Below is a listing with pictures. Repeat exactly the lines starting at the one holding "Este tipo de" and going on through the one holding "(10 шт) (30340020)", and leave every picture out.

_Records shown_.
↓
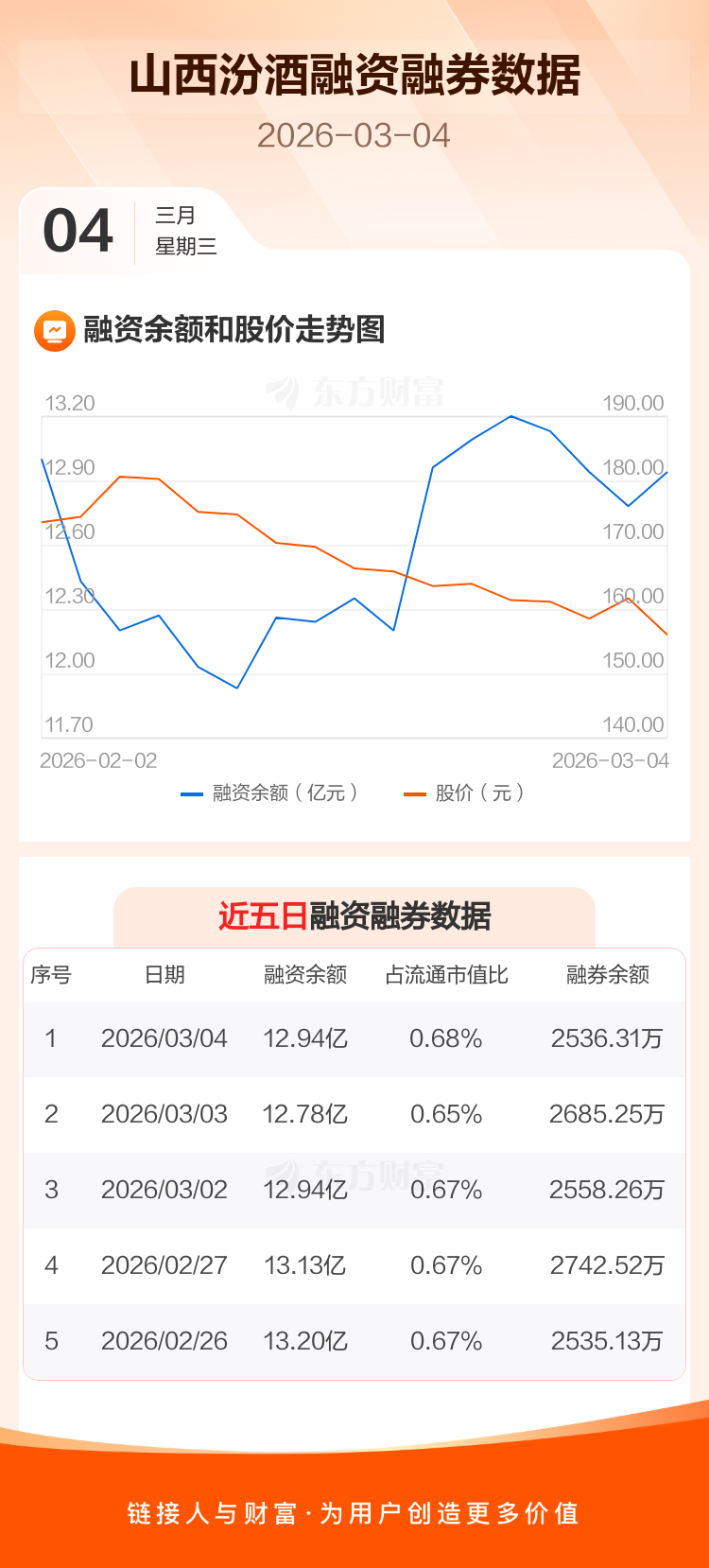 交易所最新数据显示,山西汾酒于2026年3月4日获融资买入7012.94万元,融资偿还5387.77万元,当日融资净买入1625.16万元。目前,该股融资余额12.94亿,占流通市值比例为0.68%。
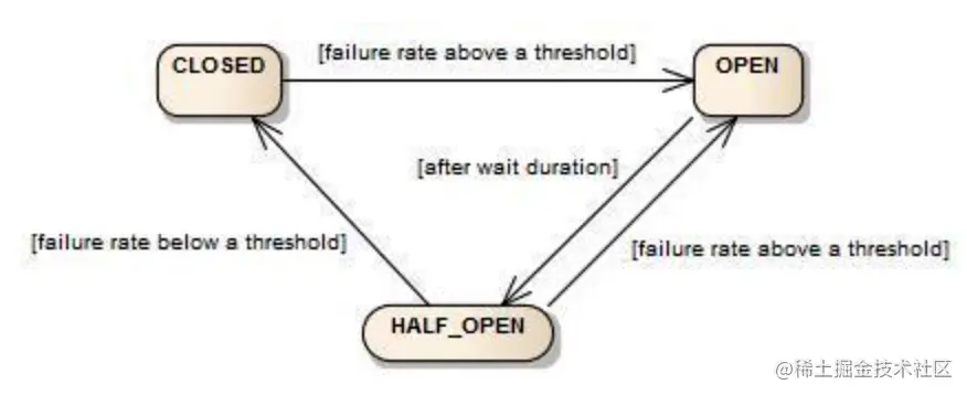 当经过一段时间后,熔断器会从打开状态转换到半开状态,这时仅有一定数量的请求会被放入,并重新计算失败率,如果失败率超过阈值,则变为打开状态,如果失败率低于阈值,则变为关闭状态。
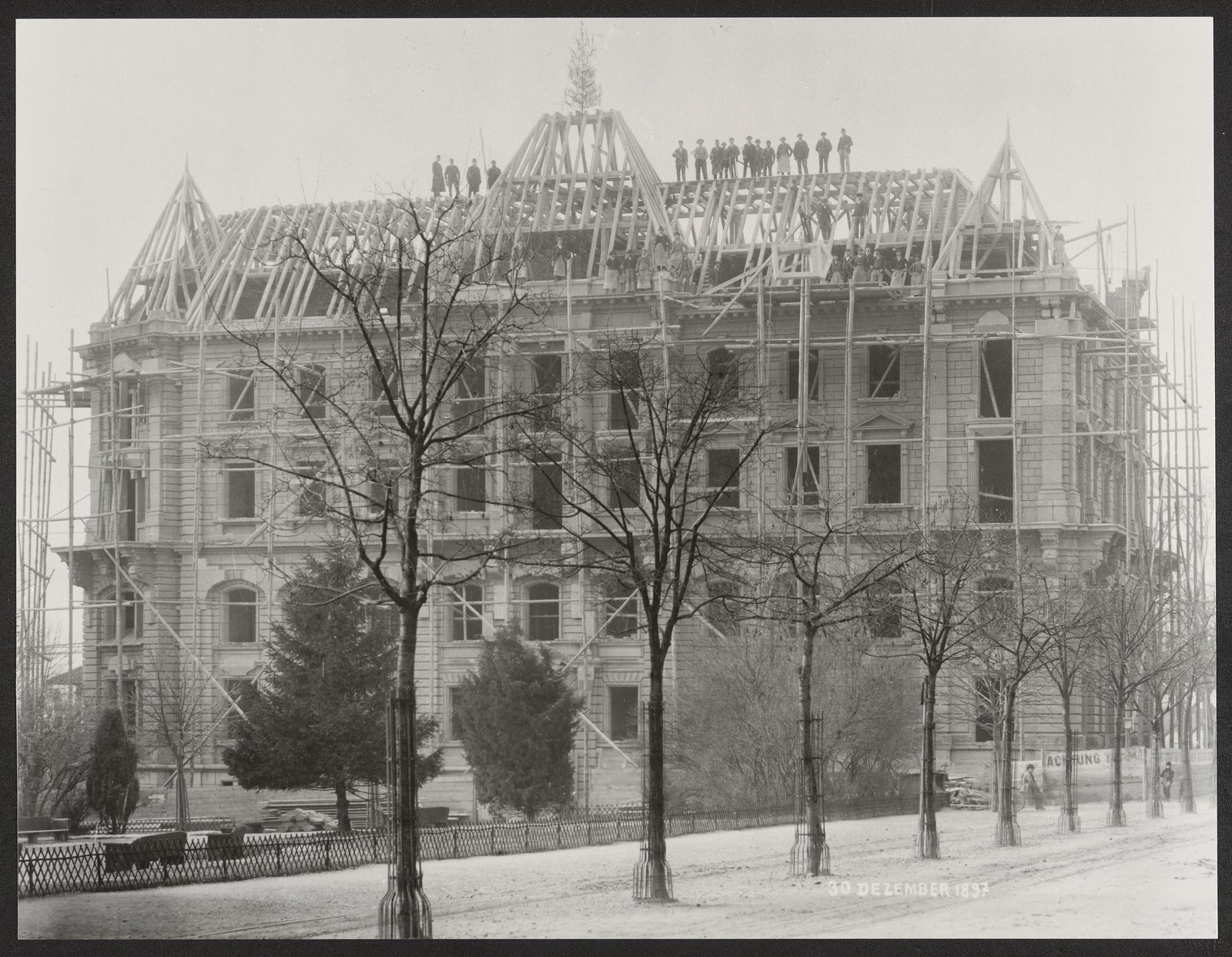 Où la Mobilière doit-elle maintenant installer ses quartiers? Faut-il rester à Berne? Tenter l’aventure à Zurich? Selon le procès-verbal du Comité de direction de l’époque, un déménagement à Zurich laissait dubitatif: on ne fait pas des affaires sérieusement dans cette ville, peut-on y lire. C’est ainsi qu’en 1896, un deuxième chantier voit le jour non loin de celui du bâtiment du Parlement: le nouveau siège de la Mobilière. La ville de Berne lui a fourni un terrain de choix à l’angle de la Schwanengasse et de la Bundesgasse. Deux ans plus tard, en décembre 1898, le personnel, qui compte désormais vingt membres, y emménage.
↑
↓
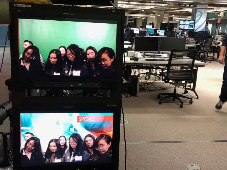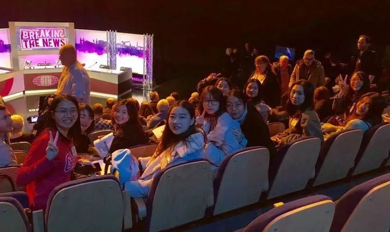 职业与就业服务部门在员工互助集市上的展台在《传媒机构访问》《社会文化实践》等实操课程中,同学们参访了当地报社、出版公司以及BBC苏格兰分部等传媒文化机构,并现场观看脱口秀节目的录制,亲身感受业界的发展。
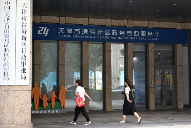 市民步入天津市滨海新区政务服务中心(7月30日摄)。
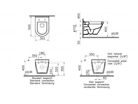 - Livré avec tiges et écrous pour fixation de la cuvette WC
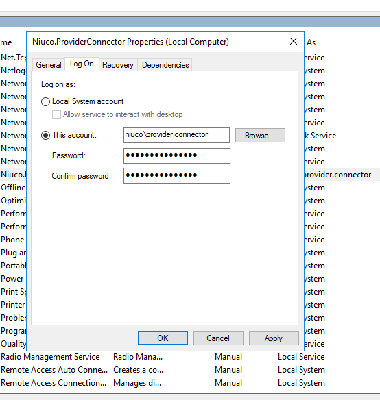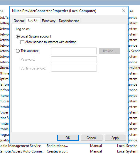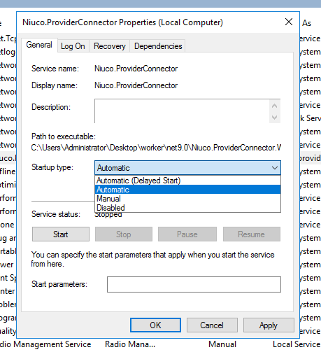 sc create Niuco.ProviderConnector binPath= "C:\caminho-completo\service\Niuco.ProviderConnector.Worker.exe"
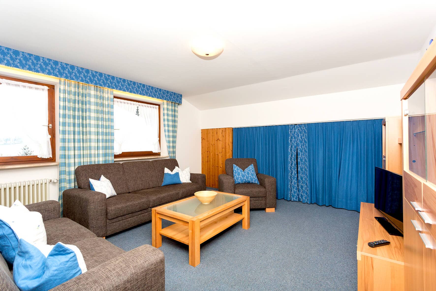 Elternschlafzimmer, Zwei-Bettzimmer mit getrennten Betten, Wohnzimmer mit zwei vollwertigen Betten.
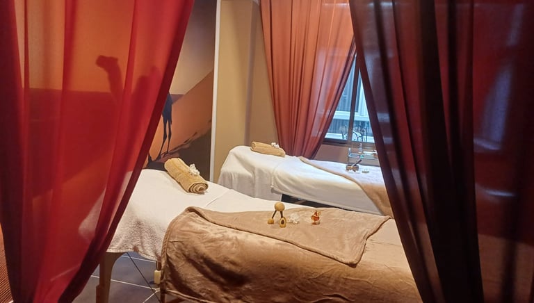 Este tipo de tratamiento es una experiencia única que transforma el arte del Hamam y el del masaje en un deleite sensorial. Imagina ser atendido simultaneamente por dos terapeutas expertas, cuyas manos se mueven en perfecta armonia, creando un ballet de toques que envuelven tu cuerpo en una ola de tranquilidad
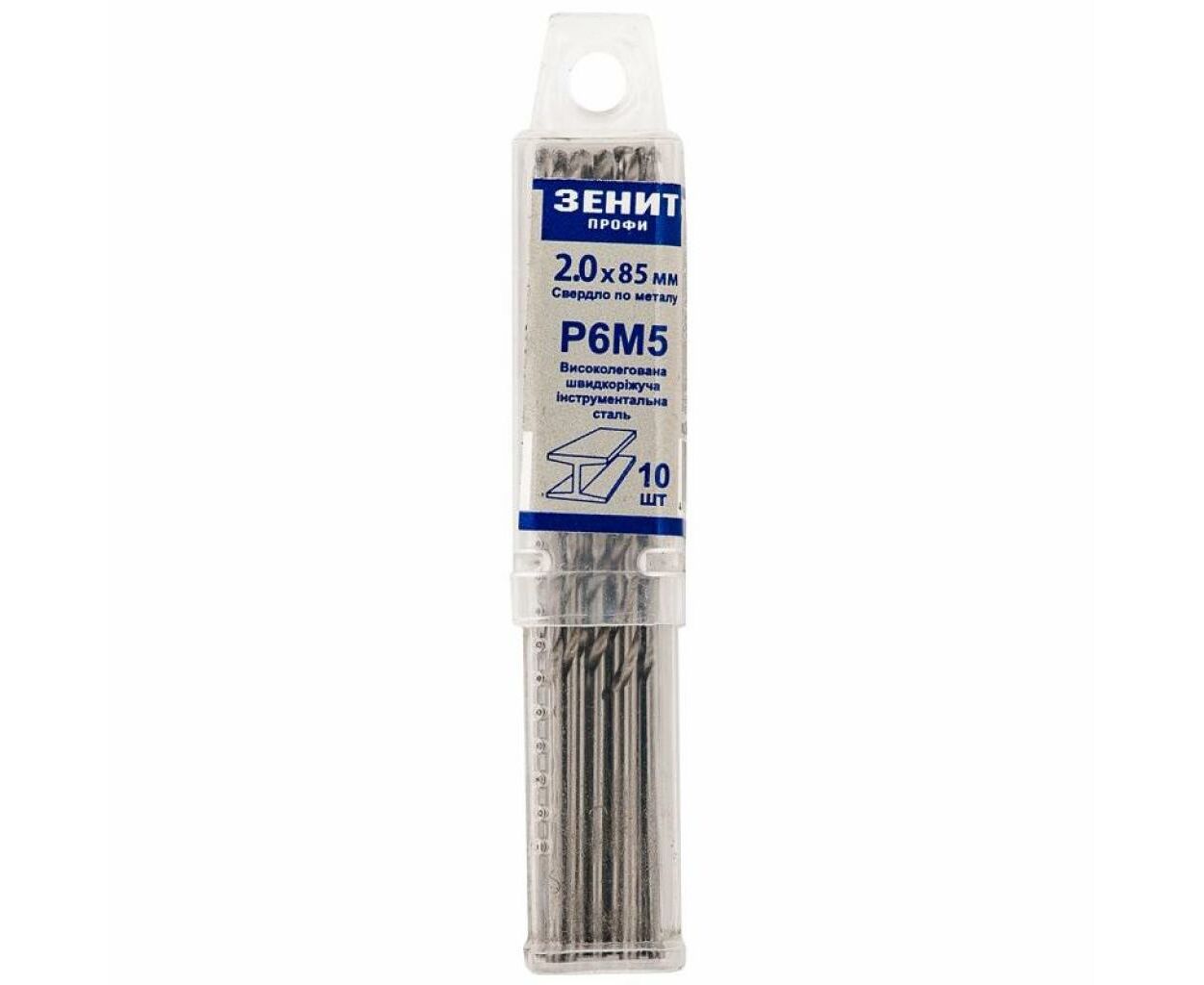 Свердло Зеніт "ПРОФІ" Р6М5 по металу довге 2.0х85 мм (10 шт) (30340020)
↑
↓
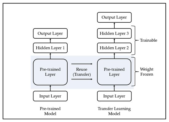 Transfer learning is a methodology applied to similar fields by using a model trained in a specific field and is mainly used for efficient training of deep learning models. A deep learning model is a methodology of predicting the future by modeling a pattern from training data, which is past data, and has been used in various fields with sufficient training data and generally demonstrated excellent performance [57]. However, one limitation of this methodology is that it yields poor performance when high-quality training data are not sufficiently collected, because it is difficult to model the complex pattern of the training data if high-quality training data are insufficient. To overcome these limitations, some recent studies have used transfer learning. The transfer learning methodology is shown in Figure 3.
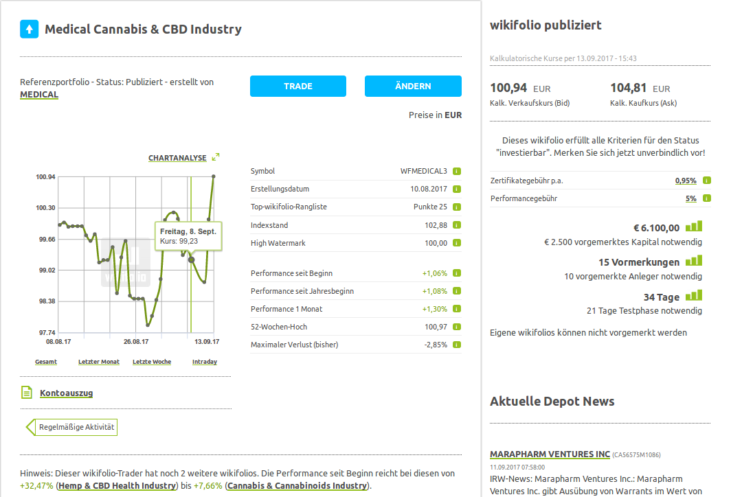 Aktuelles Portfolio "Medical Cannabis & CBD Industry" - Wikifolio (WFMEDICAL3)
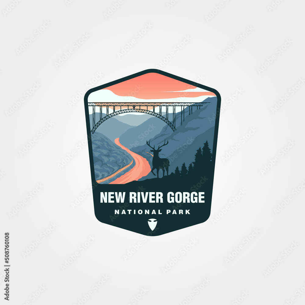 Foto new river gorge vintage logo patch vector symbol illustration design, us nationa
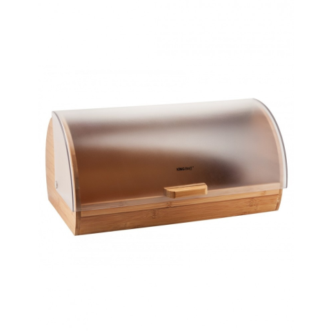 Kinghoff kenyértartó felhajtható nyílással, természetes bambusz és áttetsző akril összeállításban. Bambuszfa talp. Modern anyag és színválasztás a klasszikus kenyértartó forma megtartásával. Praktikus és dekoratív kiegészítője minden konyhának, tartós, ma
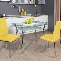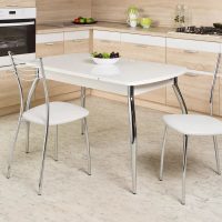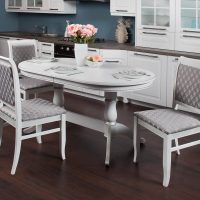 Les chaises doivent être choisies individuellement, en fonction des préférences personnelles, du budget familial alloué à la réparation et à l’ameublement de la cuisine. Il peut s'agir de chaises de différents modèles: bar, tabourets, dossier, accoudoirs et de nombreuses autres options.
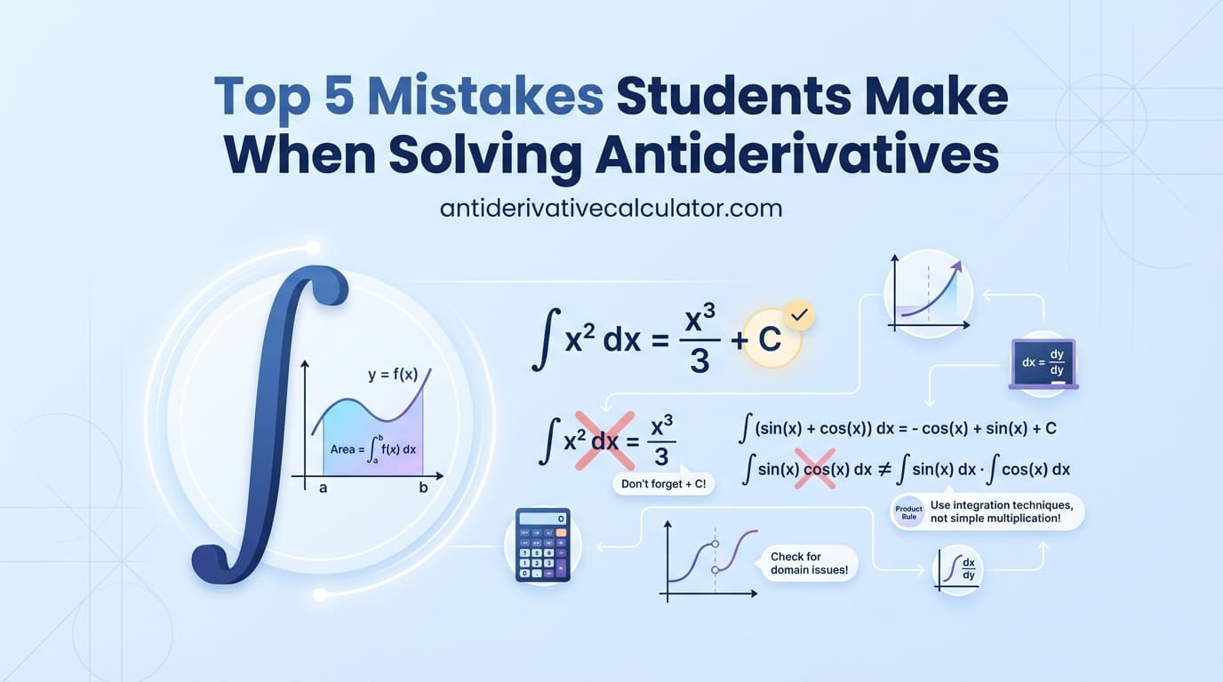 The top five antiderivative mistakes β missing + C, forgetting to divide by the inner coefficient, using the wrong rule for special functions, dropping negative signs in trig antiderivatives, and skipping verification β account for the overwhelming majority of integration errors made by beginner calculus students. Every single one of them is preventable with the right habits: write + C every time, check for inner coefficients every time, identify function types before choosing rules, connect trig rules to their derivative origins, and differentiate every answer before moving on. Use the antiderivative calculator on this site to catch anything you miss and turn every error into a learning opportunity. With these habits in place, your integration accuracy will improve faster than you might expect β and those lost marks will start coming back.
↑
_Exercise result_.
 Este tipo de tratamiento es una experiencia única que transforma el arte del Hamam y el del masaje en un deleite sensorial. Imagina ser atendido simultaneamente por dos terapeutas expertas, cuyas manos se mueven en perfecta armonia, creando un ballet de toques que envuelven tu cuerpo en una ola de tranquilidad
 Свердло Зеніт "ПРОФІ" Р6М5 по металу довге 2.0х85 мм (10 шт) (30340020)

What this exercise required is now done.